For some odd reason the hospital seemed to be where my eyes were currently scheming over, and not the back of the school where I remember passing out at-well where I got stomped unconscious at. I had a headache that was splitting me in half and this bright light over my hospital bed wasn't helping at all. I couldn't fully view my body and when I tried to move my arm to raise the cover and see the damage, it only caused more pain to shoot through me— that alone let me know I was messed up pretty bad. Being that I couldn't move at the moment and my body wasn't reacting to my nerves telling it to move, I felt like a vegetable.

My eyes were seeing two of everything, and on top of that everthing that I was seeing was a big massive blur.

"Fuck." I grunted lowly after trying to turn my head to the side.

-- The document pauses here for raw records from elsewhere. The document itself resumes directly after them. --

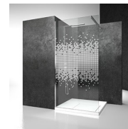
DECORI GRAFICI D54
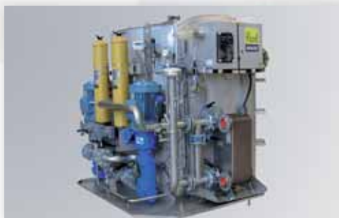
Модульная Fluid Circ Система Смазки
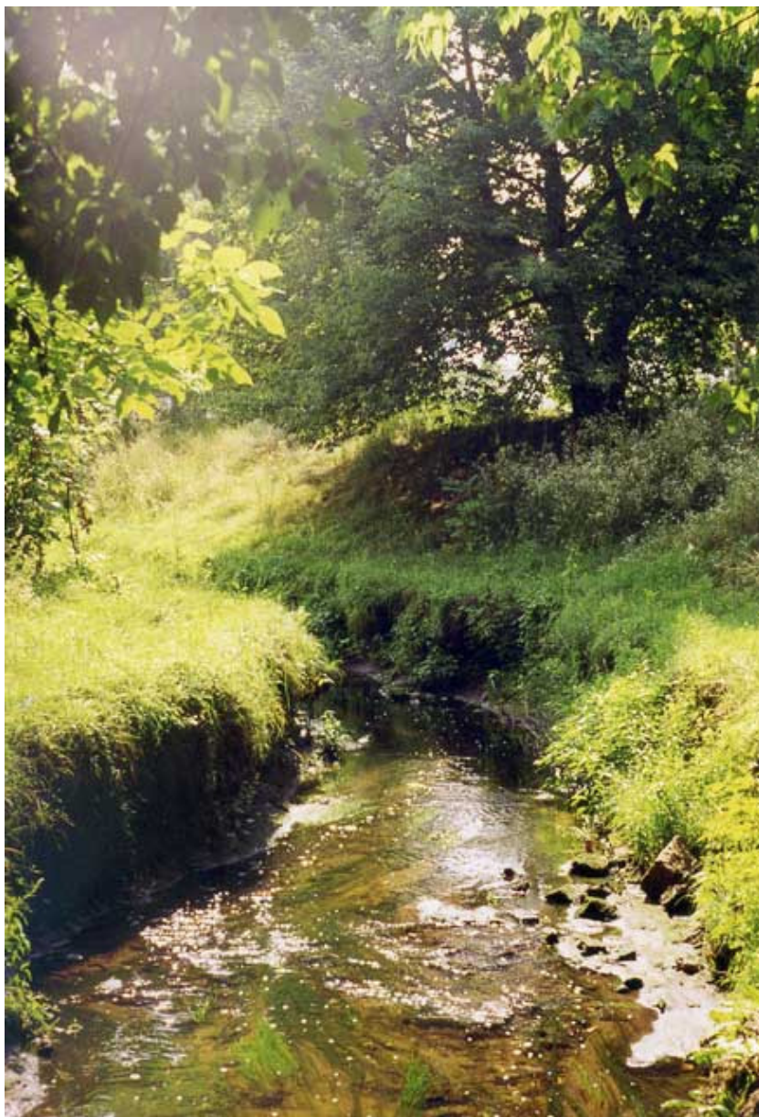
Фото 11. Река Дарница на участке «Скифская степь» - живая (Киев, 2002).
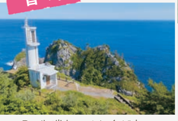
山の先端部にはXT台があり、 ここから眺める岬の連なりは絶景です！
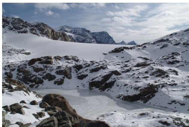
23 settembre 2017
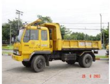
กระบะบรรทุกยกเท
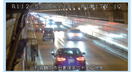
13時台 月山第一トンネル内 (山形方面を望む)
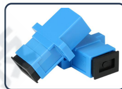
Baja pérdida y buena repetibilidad.
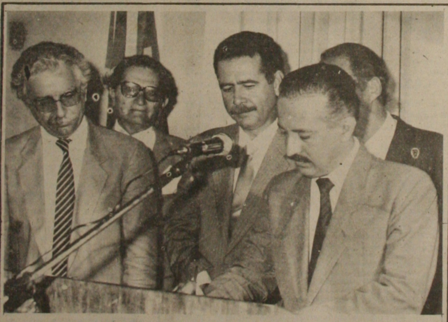
O Governador Antônio Carlos Valadares assina convênio com a FAE.

o positivo - foi como o celer Abreu Sodré qual- ontem o resultado da vile três dias do Presidente ay à cidade do México. isse esperar que a partir ora o comércio entre os países cresça substante. Sodré lembrou nos últimos cinco anos, o rcio Brasil x México vem luzindo a média anual de cento.
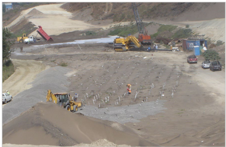
Imagen 4 – Vista general de área de consolidación.
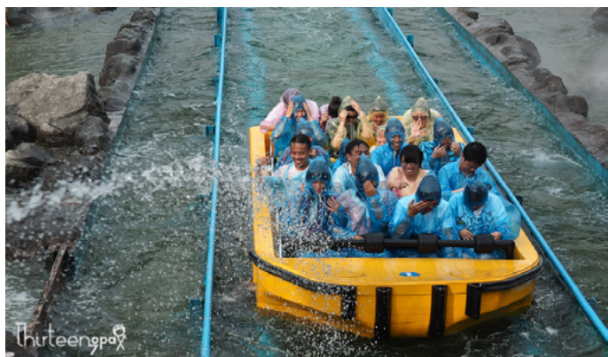
十三疯 恐龙园水世界里的激流勇进

十三疯 激流勇进是游乐场必有的项目。以前记得都不穿雨衣，现在还要买雨衣，玩激流勇进不湿身，那还有什么意义。很多人怕坐第一排，以为水大，其实不然，前面船头激起的水都会往后飞的，后面湿的才最厉害
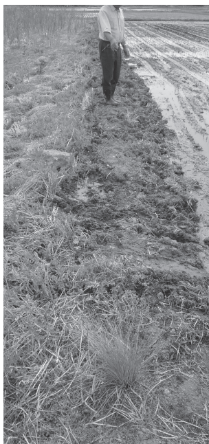
▲イノシシによる被害箇所

○ 本年度はイノシシの捕獲頭数が激増し、埋設処分に苦慮していることは認識している。焼却処分施設の設置については、高島町だけの問題でないことから、今後、置賜3市5町で協議していきたい。
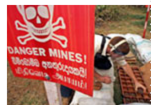
一名英国非政府组织的工作人员，正在斯里兰卡进行移除、保管地雷的工作。
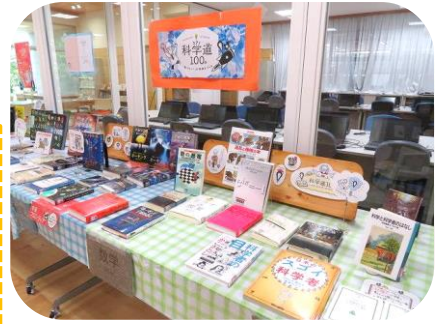
「科学道 100冊」のコーナー 理科が得意な人もちょっと苦手という人にもおススメ!

本校には週1回、図書館支援員の西本さんが勤務してくれています。様々な図書コーナーを企画して本の並べ方やポップ(本の紹介)も工夫してくれています。お気に入りの本を見つけて、宮川堤を眺めながら読書をする時間が作れたら、きっと心が安らぐと思います。友だちと入るもよし、一人で静かに時間を過ごすもよし!図書室で豊かな時間を体験してみてください。いいです。「コウノドリ」などシリーズで読める優れた漫画本もあります。ぜひ、足を運んでみてください☆
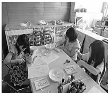
(工作) 協力し合いながらベニヤ板を切っています。
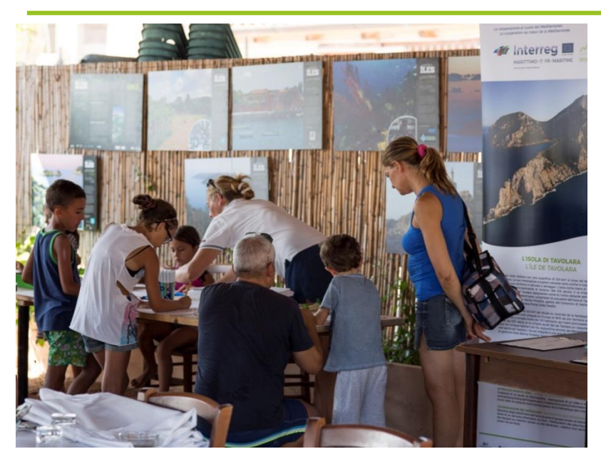
Adulti e bambini durante attività
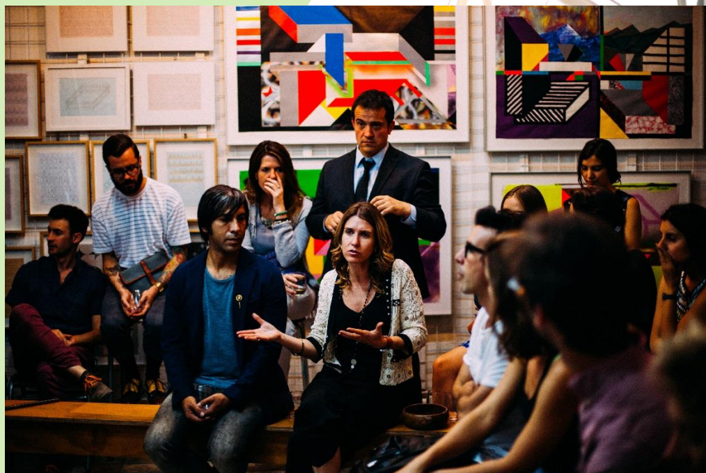
Pravidelné schůzky klíčových aktérů

Cílem je identifikovat, pozvat a zapojit všechny regionální aktéry se zájmem o správu a recyklaci SDO. Dlouhodobým cílem je, aby tyto skupiny byly konsolidovány alespoň po dobu trvání projektu. Skupiny klíčových aktérů projektu jsou zakládajícím blokem pro vyvolání změn na místní a regionální úrovni. Schůzky jsou důležité pro dosahování dohod, sdělování regulačního a legislativního vývoje, iniciativ a především vytvoření vztahů mezi klíčovými aktéry v oblasti řízení SDO.
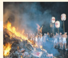
どんと祭 正月の松飾りなどを燃やす祭り。祭りの日は市内のあちこちで裸参りの人を見かけます。
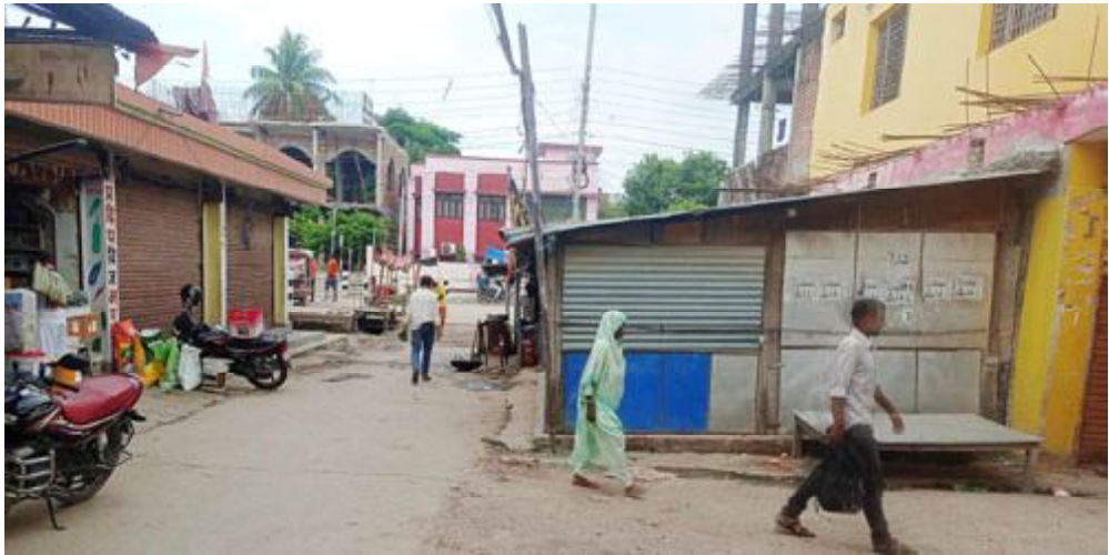
दैनिक समाचारदाता राजविराज, १८ साउन। अदालत र राजविराज नगरपालिकाको आदेश विपरित वर्षौदेखी सडकमै अतिक्रमण गरि पसल संचालन हुँदै आएको खुलासा भएको छ।

राजविराज ७ स्थित हाटबजार (हटिया) प्रवेश गर्ने एउटा मार्गको भित्र सडक खण्डमा विगत ९ वर्षदेखी अतिक्रमण गरि सडकमै पसल संचालन हुँदै आएको खुलासा भएको हो। सर्वोच्च अदालतको फैसला तथा नगरपालिकाको आदेश विपरित वर्षौ देखि सार्वजनिक जग्गा र सडक मै पसल संचालन गर्दै आएका एक जनाको हकमा नगरपालिकाले कडाई गर्न नसकेको स्थानीयले गुनासो गरेका छन्।
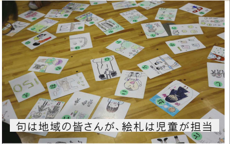
句は地域の皆さんが、絵札は児童が担当
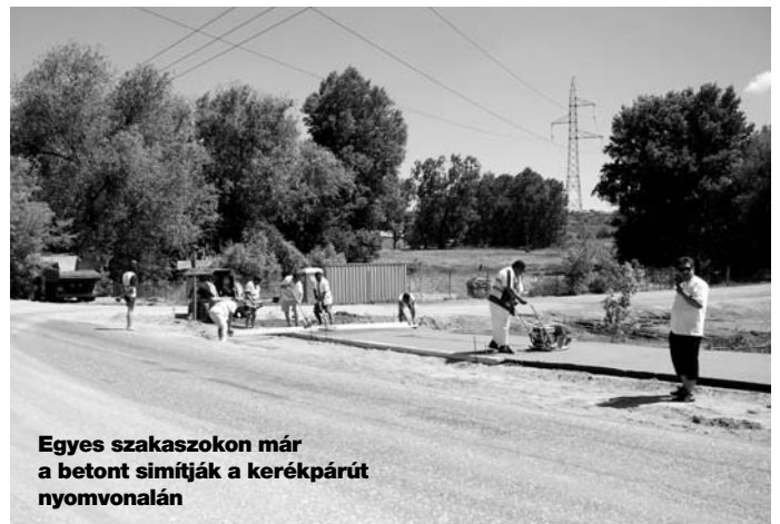
Egyes szakaszokon már a betont simítják a kerékpárút nyomvonalán
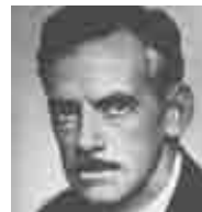
Юджин О' Нил

Юджин О' Нил Постановка – Янош Шаш Художник-оформитель – Риккардо Хермандец Костюмы – Эдит Шюц Художник по свету – Кристофер Акерли
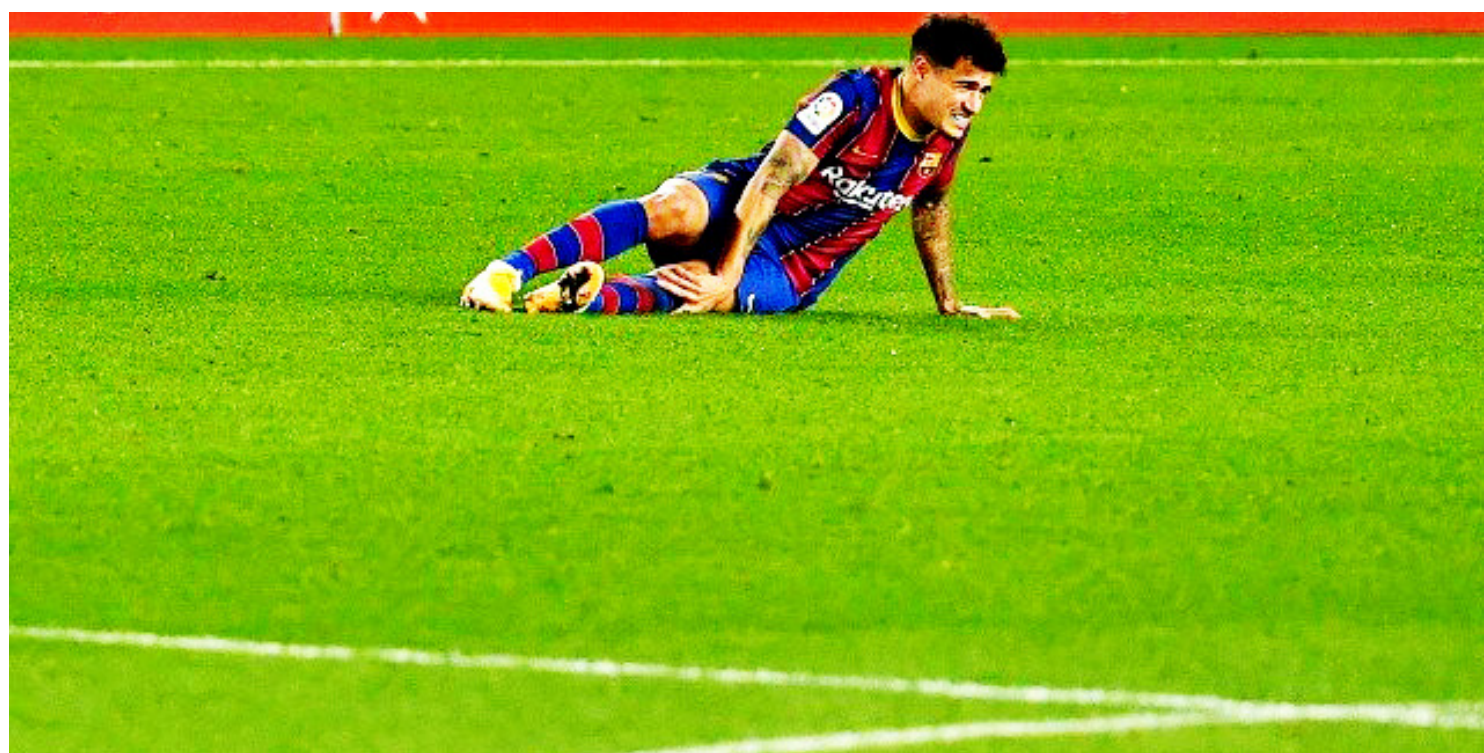
O brasileiro chegou ao Barcelona em 2018 como a contratação mais cara da história do Barcelona

Some-se a isso o fato de ter convivido com as duas situações em São Januário, onde conquistou a Copa do Brasil em 2011 como treinador e foi diretor técnico dois anos depois. Ele trabalharia ao lado de um executivo com conhecimento de mercado na busca por contratações.
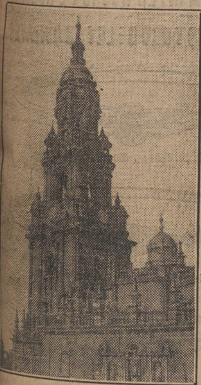
La torre de la Trinidad, en Santiago de Compostela.

En una población, como Santiago, donde la ciencia química está tan des- arrollada y donde tanto abundan los buenos laboratorios, tener fama de competente en tales materias es ya un gran triunfo.
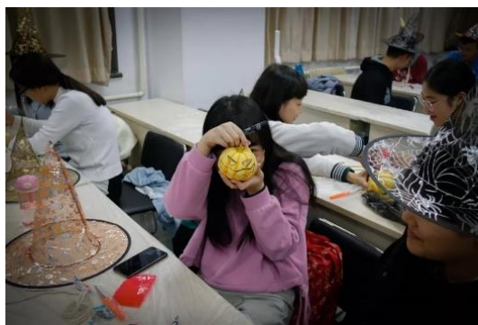
雕刻南瓜灯活动现场

“一二·九”合唱的排练既让同学们在此过程中收获了快乐，培养了团队精神，又让他们感受到了爱国主义情怀的熏陶，期待统计学院在即将到来的“一二·九”合唱比赛中再创佳绩！
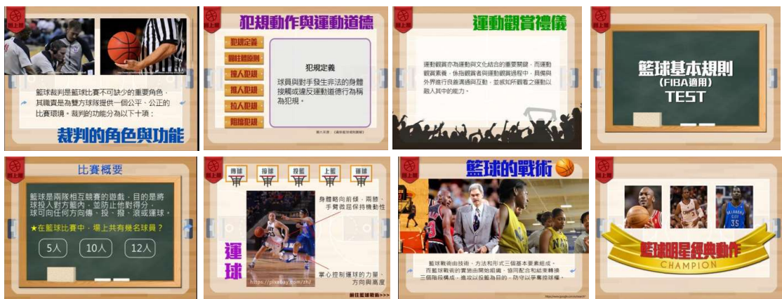
圖3-2 籃球大法官的設計畫面截圖
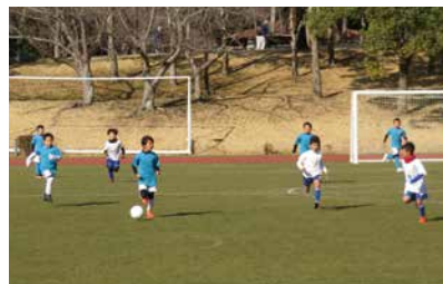
1位 ヴィッセル神戸
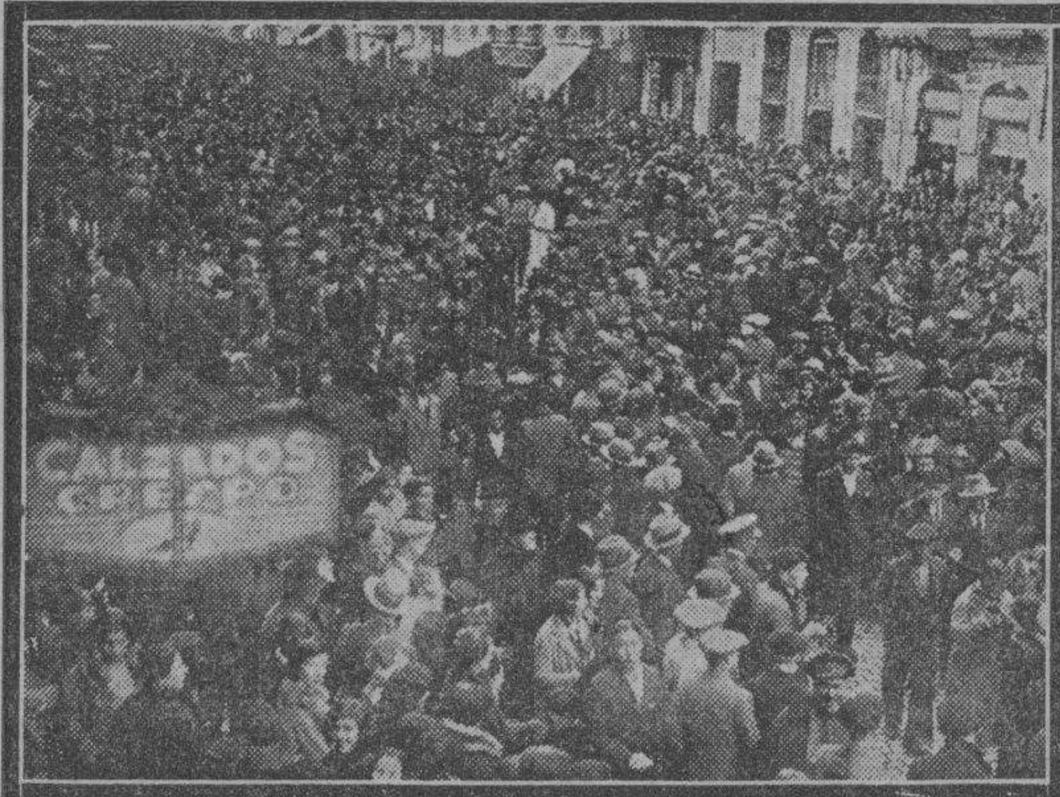
Un aspecto del Coso, en el trayecto de Espartero-Plaza, al pasar el grueso de la manifestación.

Desde las tres y media de la tarde suspendieron el movimiento de coches en todas las líneas. Querían los obreros demostrar que se hallaban sumados a la manifestación luctuosa, de acompañamiento del cadáver, y a la de protesta en su doble
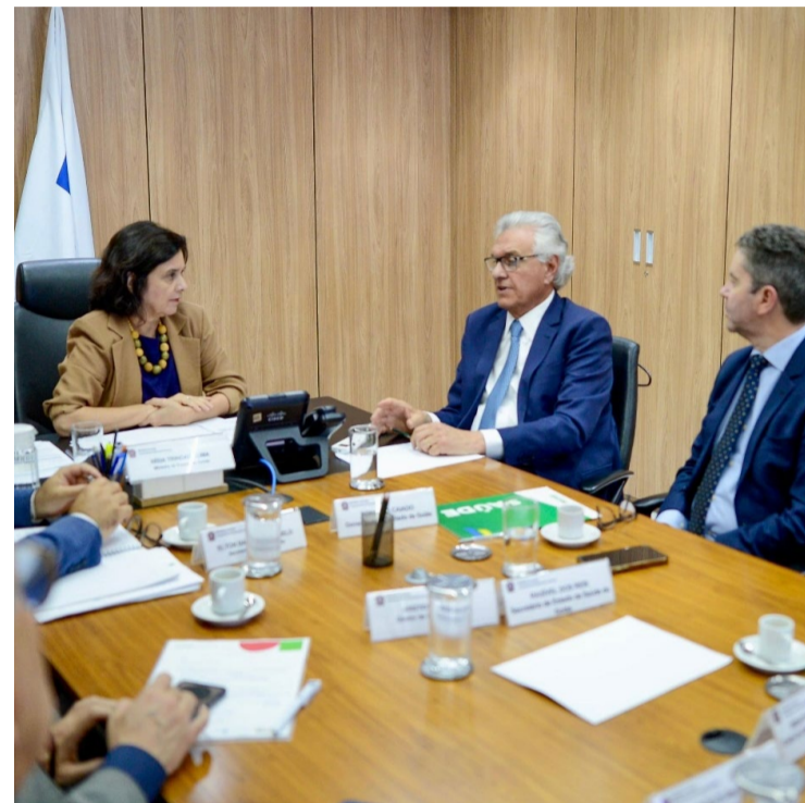
Governador Ronaldo Caiado e ministra Nísia Trindade tratam de repasse de recursos para Goiás
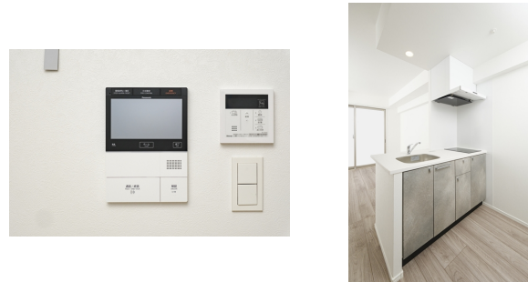
* 室内写真が異なる場合は、現状を優先致します。
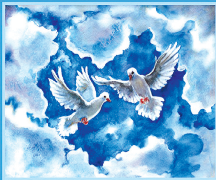
сборник современной орловской поэзии
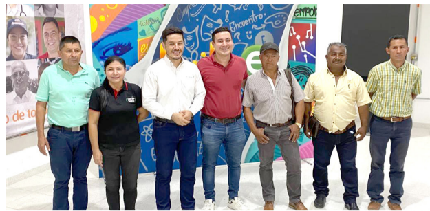
Caficultura huilense conformó el Comité regional

After realizing I really couldn't move, I just laid there, looking at the light above me—thinking, rememberimg the events that put me in this predicament in the first place. My memory is vague, but I remember bits and pieces of what happened.

I got in a fight with Justin's crew, I was holding up....and then I started losing the battle that was never really mine.

And right before I went completely down, someone came to help and defend me— an antisocial, crazy ass, stupid fucking person came to help me fight.

Fucking idiot!

Why would she do that? She sacrificed her safety her well-being for me. She could have died trying to help me— and I'm sure she knew that her dying was an outcome, so why did she do it? No one cares about me, no one runs when I come calling; not even my family cares. But she put her life on the line for a nigga that can't say he would do the same for her. Yet, that girl — the one who hides her pain— she ran to me...and I didnt even call her. I couldn't comprehend it, I couldn't justify it, I couldn't understand why she came to my side when I hardly treated her like a friend, or an associate. If anything I treat her like an enemy that doesn't know she's my enemy. So why? Why did she help me?

I aint never really had nobody, and when I had somebody they were taken from me — so she'll have to forgive me for the times that she feels as if I'm heartless. The world made me this way.

I just, I can't let her in...

No matter how hard she's deeming herself worthy.

"Delilah I really think you should stay in bed today, you've been moving around too too much."

Lilah!

"I-I know Ms. Morris, but I stay in here most of the time."

Her voice sounded like it was gone out and it pained her to speak. I couldn't see her, but I heard that strain and already knew when I saw her it would be hard to look at her for too long.